GIVEN ENTRIES.
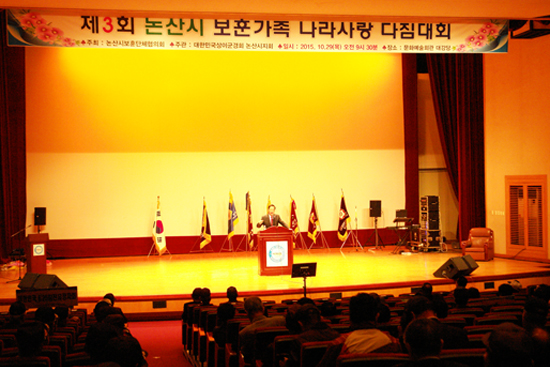충남 논산시가 29일 오전 논산문화예술회관 대강당에서 논산시 보훈단체협의회 주최, 대한민국상이군경회 논산시지회 주관으로 ‘제3회 논산시 보훈가족 나라사랑 다짐대회’가 보훈단체 회원 및 가족 등 500여명이 참석한 가운데 열렸다.
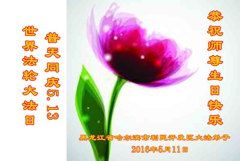 普天同庆颂师尊, 穹宇众生沐洪恩, 牢记誓约更精進, 不负使命多救人。 黑龙江省哈尔滨市呼兰区大法弟子普天同庆5.13世界法轮大法日!恭祝师尊生日快乐!
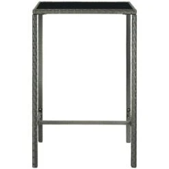 Hommoo Mesa Alta De Jardin Ratan Sintetico Y Vidrio Gris 70x70x110 Cm
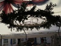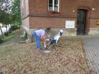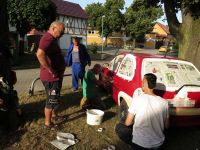 Auch das Färben selbst klappte wunderbar - damit konnte, was dies betraf, am nächsten Tag nichts schief gehen. Unmittelbar neben des Färbetopfes wurde mit anderen Farben gearbeitet. Das Kinderprojekt sollte wieder mit malen zu tun haben. Dabei durften die Knirpse sich diesmal mächtig beim Bemalen eines PKW ins Zeug legen. Dieser wurde zunächst präpariert, wobei die Teile, die nicht mit Farbe in Berührung kommen sollten abgeklebt werden mussten. Im Bürgerhaus war man unterdessen beim Kuchenschneiden, denn zahlreiche Kuchenbleche waren inzwischen dort abgegeben worden. Auch galt es weiter an der Dekoration zu feilen. Neben Getreidegarben mussten die Kronleuchter nun mit frischem Grün behangen werden.
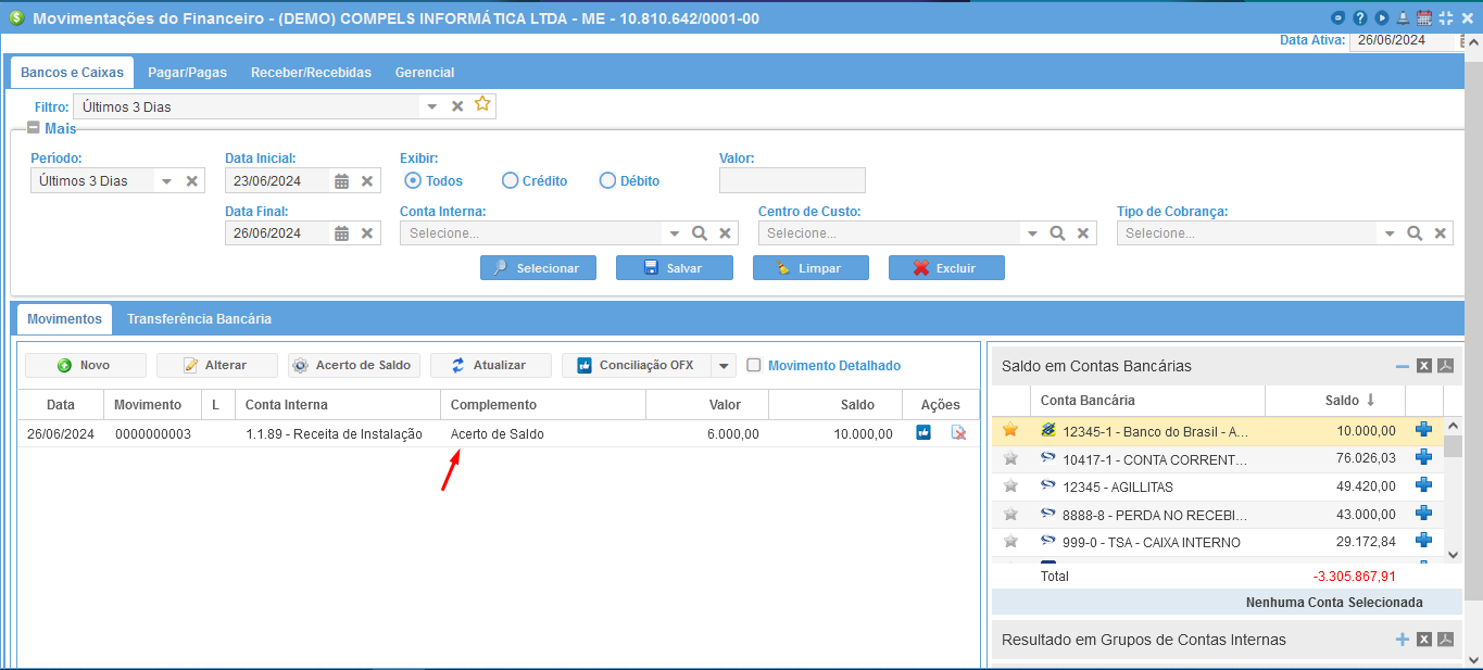 Realizado o acerto, será possível visualizá-lo nos movimentos.
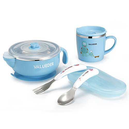 The feeding set is Eco-friendly, food grade material, BPA FREE. Suggest Hand washing and DO NOT put the meal set in Microwave/Sterilizer/Boiling water/Freezer. HOW to CLEAN Clean the bowl and cup in room temperature water with cleanser for children products. To avoid the water chamber of bowl getting mouldy, we suggest turn the bowl...
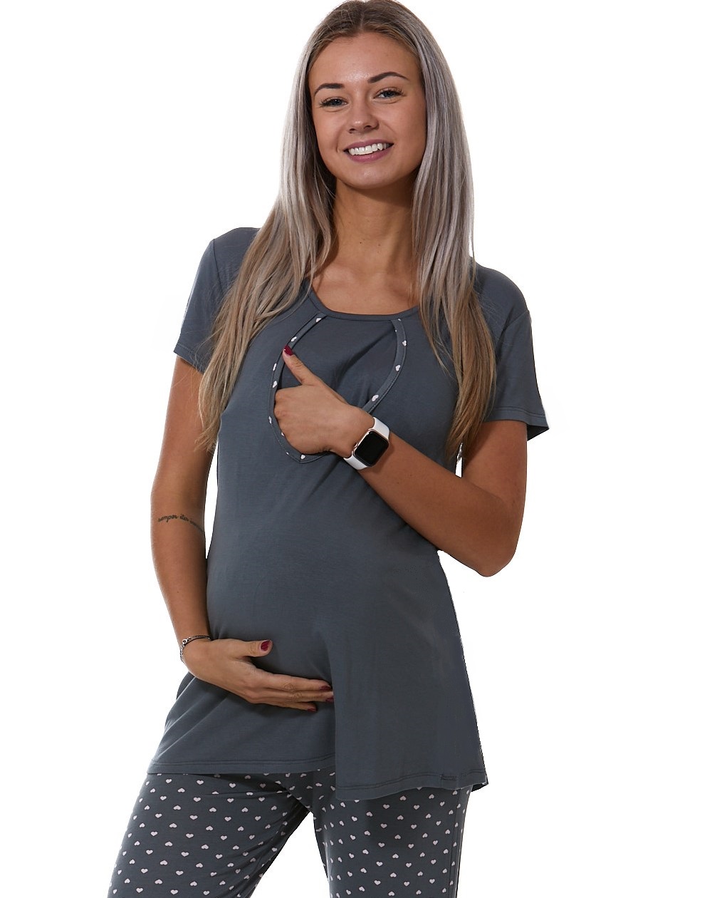 Šedé pyžamo kojící a těhotenské, decentní s puntíky 1D1172

ABOUT THIS TASK. Repeat exactly the lines from the one holding "The feeding set" through the last line of the entries, both included; the pictures do not belong in the copy.

WRITTEN RESPONSE.
 The feeding set is Eco-friendly, food grade material, BPA FREE. Suggest Hand washing and DO NOT put the meal set in Microwave/Sterilizer/Boiling water/Freezer. HOW to CLEAN Clean the bowl and cup in room temperature water with cleanser for children products. To avoid the water chamber of bowl getting mouldy, we suggest turn the bowl...
 Šedé pyžamo kojící a těhotenské, decentní s puntíky 1D1172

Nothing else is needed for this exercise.